In 2018, the annual budget of the IEA was EUR 27.8 million. According to the IEA’s budget figures, revenues from its data and publication sales finance “more than one-fifth of its annual budget”. That equates to EUR 5.6 million per year. To put this figure in perspective, it is equal to 0.03% of the total public energy RD&D budget for IEA countries in 2018, which was EUR 20.7 billion.2 Or on a per capita basis split equally across IEA member countries: 0.44 cents per person per year.3

We believe that the relatively small revenues that the paywalls generate do not justify the very large downsides that these restrictions cause.

Despite it being one of the most pressing challenges we face, energy is the only area of development without a global open-access dataset that researchers, policymakers and innovators can use to understand and tackle the problem. The paywalls the IEA is required to put in front of its data make it impossible for it to achieve its own mission. The IEA wants to be at the “heart of global dialogue on energy, providing authoritative analysis, data, policy recommendations, and real-world solutions to help countries provide secure and sustainable energy for all”, but as it stands the IEA is only providing data to rich elites as the restrictive licenses ensure that it cannot be part of the global dialogue on energy.

As explained, the problem is not so much the IEA itself, who surely has an interest in achieving its mission. The problem is the member countries’ imposition that the IEA has to raise a part of its budget through the sales of data licenses. To make it possible for the IEA to achieve its mission, the global energy and climate research community should therefore recommend to IEA member countries that they remove the requirement to charge for data use and close the relatively small funding gap that remains.

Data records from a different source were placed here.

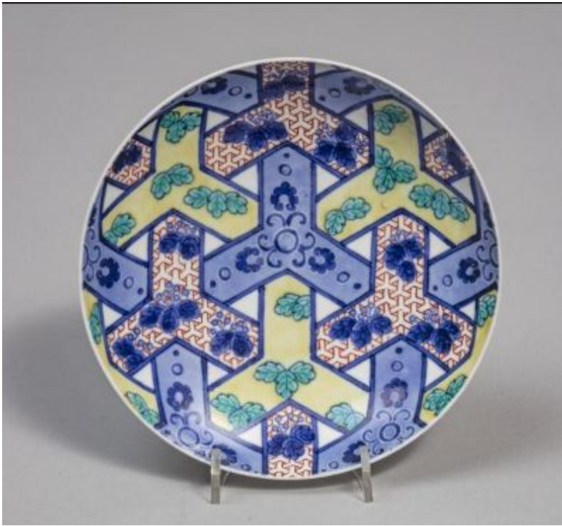
Dish with Ajiro Design , Hizen, Japan, Porcelain with underglaze blue and overglaze enamels, circa 1680. Overall 1 9/16 x 5 7/8 in. (4 x 15 cm.). The Gardiner Museum, Toronto, Promised Gift from the Macdonald Collection.
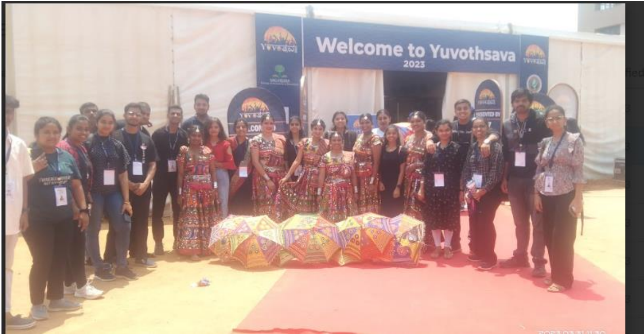
Fig 10. Group dance team at VTU Festival 2K23.
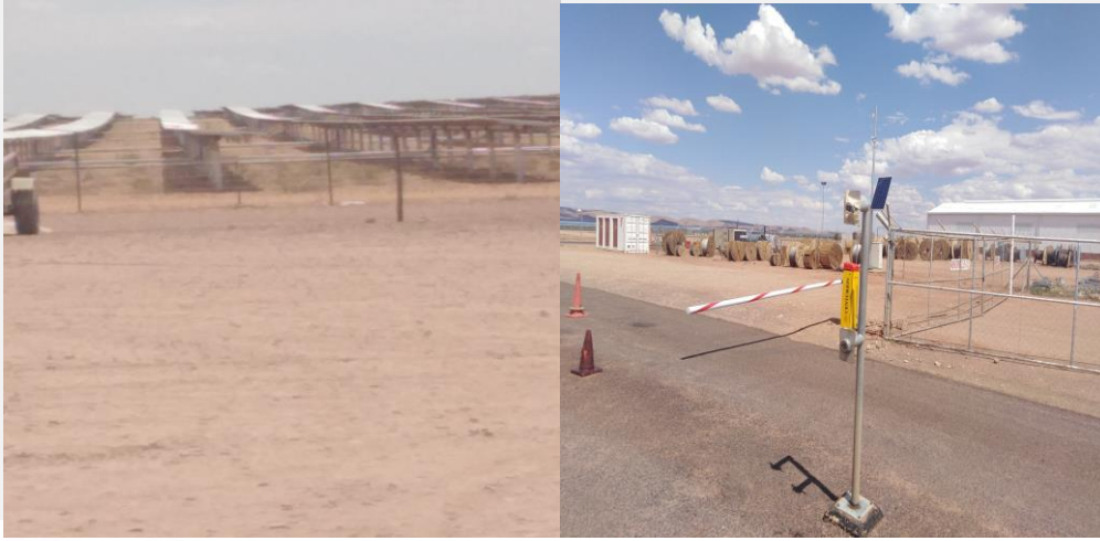
Modules & Cable-pulling and installation

Appointed as subcontractor/service provider after site erection completion at Siriur Photovoltaic Plant for SNC-Lavalin at Upington, N/Cape – modules and cable-pulling sleeves installation.
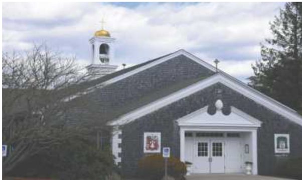
St. Elizabeth Seton
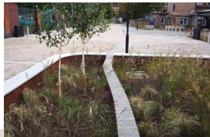
Australia Road, London – concrete block permeable paving laid over an existing road base collects rainwater and gradually discharges it horizontally into planted basins.
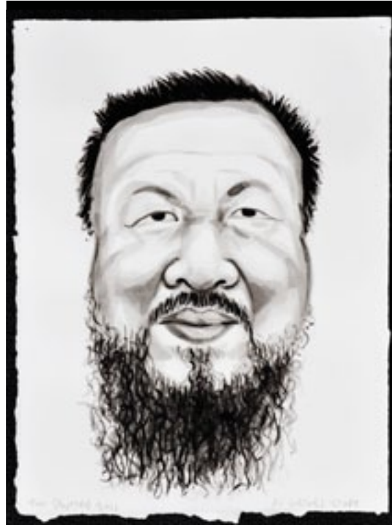
"STUDY OF AI WEIWEI"/INK ON PAPER/35.5X28 CM/2011
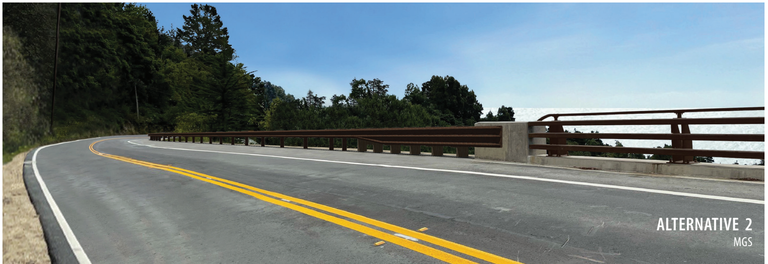
ALTERNATIVE 2 MGS
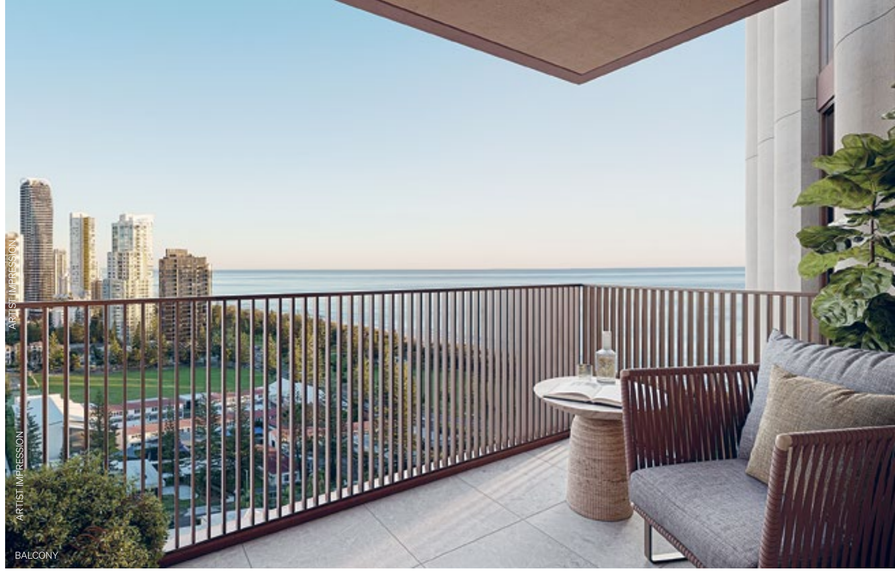
ARTIST IMPRESSION BALCONY
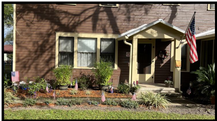
The wreaths and flowers that decorated the memorial as well as the flowers decorating the Clarke House were provided by the Garden Club of Orange Park
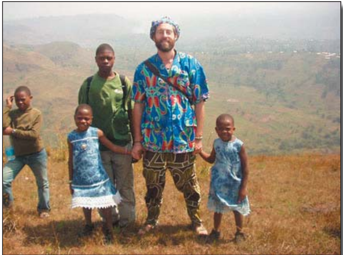
Fongo Tongo. Tsamo children on one of the Bambou- tos mountains.
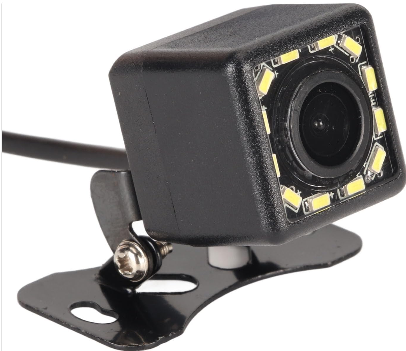
Figure 3.4: Close-up view of the included 12-LED reversing camera.
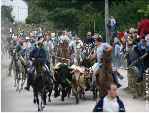
summer sports nearby
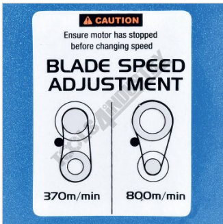
Blade Speed Adjustment
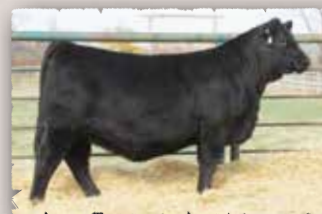
Ellingson Big River Daughter
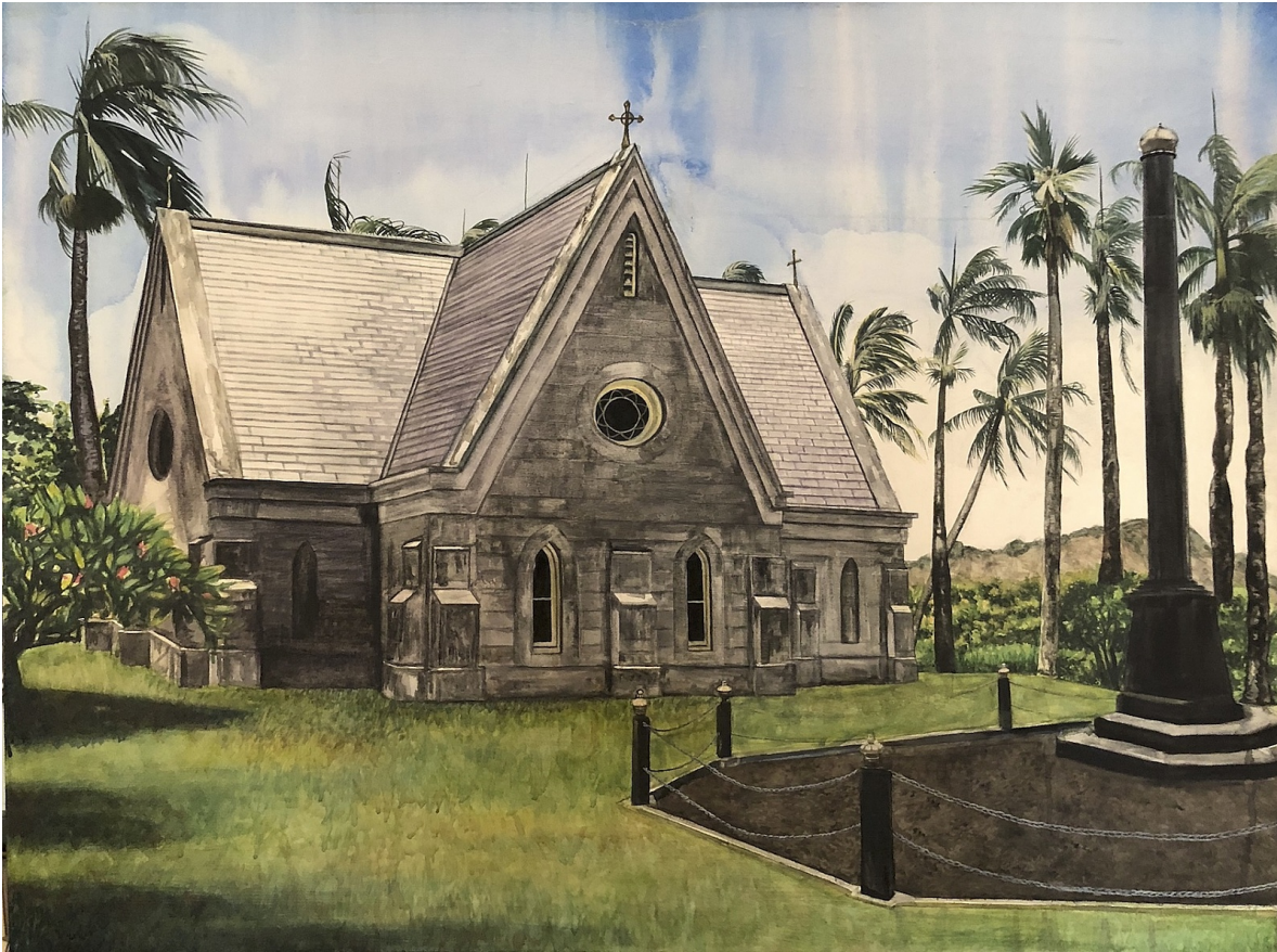
Michele Zalopany Mauna 'ala , 2013 water color on canvas 36h x 48w in

The pandemic has taught us many lessons over the past year. One key lesson has been that timely, accurate, and open global data is fundamental to the understanding of a global problem and an appropriate response to it. In the same way that the lack of public data would have stood in the way of fighting the pandemic, the lack of public data on the energy and climate system is standing in the way of solving one of the biggest challenges of our lifetime.